The popular youth surf store continues to push pornified products to young people. City Beach sells what we’ve called ‘porn t-shirts’ -clothing with pornified images of naked and semi naked women.
The range extends to thongs, hats and at the start of the year even pencil cases
were available at its ‘back to school’ sale. We’ve held protests outside City Beach stores in Brisbane and Sydney.
We’ve taken City Beach to the Equal Opportunities Commission and yet they refuse to budge. While City Beach insist on pimping porn accessories to the youth market, you insist on taking your Christmas shopping elsewhere.
Jewellery and accessories retailer Diva began selling Playboy branded jewellery
in 2011 to its target market of tween girls. (also read: The Age)
A petition through change.org accumulated over 8000 signatures and Diva withdrew much of its Playboy advertising and stock from the shelves.
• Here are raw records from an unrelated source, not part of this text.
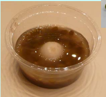
ぶんずうぜんざい
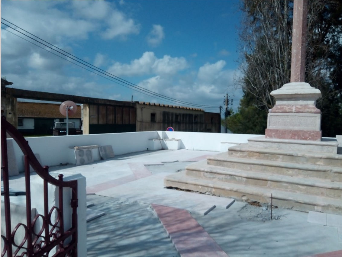
Enobrecimento do pavimento do adro do cruzeiro em pedra de Lioz
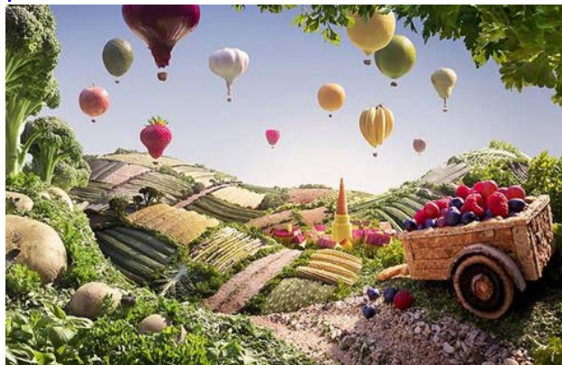
Những quả khinh khí cầu làm từ các loại quả và cánh đồng chính là măng tây, bí xanh, đậu và ngô.

But dodgy Diva continued to sell their Playboy range from underneath the counter and stock has slowly crept back out on display in stores again over the past year.
When challenged again, Diva defended their Playboy range as marketed to their ‘mature’ customers. No matter their age, girls and women deserve better than being sold the merchandise of the global sex industry – when it comes to your Christmas shopping, drop Diva.
Lynx, men’s deodorant has continued to churn out their trademark sexist ads throughout 2012.
Lynx’s ‘controversial’ promotions – including the “Rules of Rugby” and the ‘Washes Your Balls’ promotion – are the perfect demonstration of how a company can misuse advertising industry self-regulation to its advantage. Create a ‘controversial ad’, wait for the complaints to roll in, cross promote with sexist ‘lads mags’ then cash in the dollars from the increased exposure. Lynx seems to think this manoeuvre will stop us from speaking out – it won’t.
And while you’re boycotting Lynx, you might want to give this brand a miss too…
What? Dove? The brand that brought us the campaign for real beauty? Absolutely! Dove is owned by Unilever, the same company who owns and markets Lynx. But the sexploitative hypocrisy doesn’t just stop there – under the Dove label, Unilever also sell a number of ‘skin whitening’ products, as well as anti-cellulite, breast-firming and breast growth creams. Making money off body dissatisfaction, sexual objectification AND positive body image campaigns? We’re not buying it Unilever.
In February this year, Mossimo ran a competition asking people to upload photographs to their Facebook “peep show” campaign. Images of Australia’s Miss Universe contestant in her underwear were given as examples, with the ‘peep’ which received the most votes winning a digital camera.
Despite the clear references to the sex industry as well as (the crime of) keyhole peeping on women, Mossimo denied any wrongdoing. The Advertising Standards Board saw it differently, upholding complaints about the campaign. Read about the online protest (and how we won a lovely new Canon camera!) against Mossimo here.
We wrote about General Pants explicit, sexist, and degrading advertising campaigns last year. They have a history of sex industry inspired stunts including live pole dance shows in their shop front windows. We have continued to hear from supporters about shop window displays and the images they display inside their change rooms. Give General Pants a miss.
The Buddy Ball
The Buddy Ball is the creation of AFL poster boy Lance “Buddy” Franklin. When Franklin’s not busy flogging over priced footballs to youngsters, he spends his time ‘co-directing’ Nena &Pasadena, a line of overpriced porn-inspired shirts, popular in surf stores such as City Beach.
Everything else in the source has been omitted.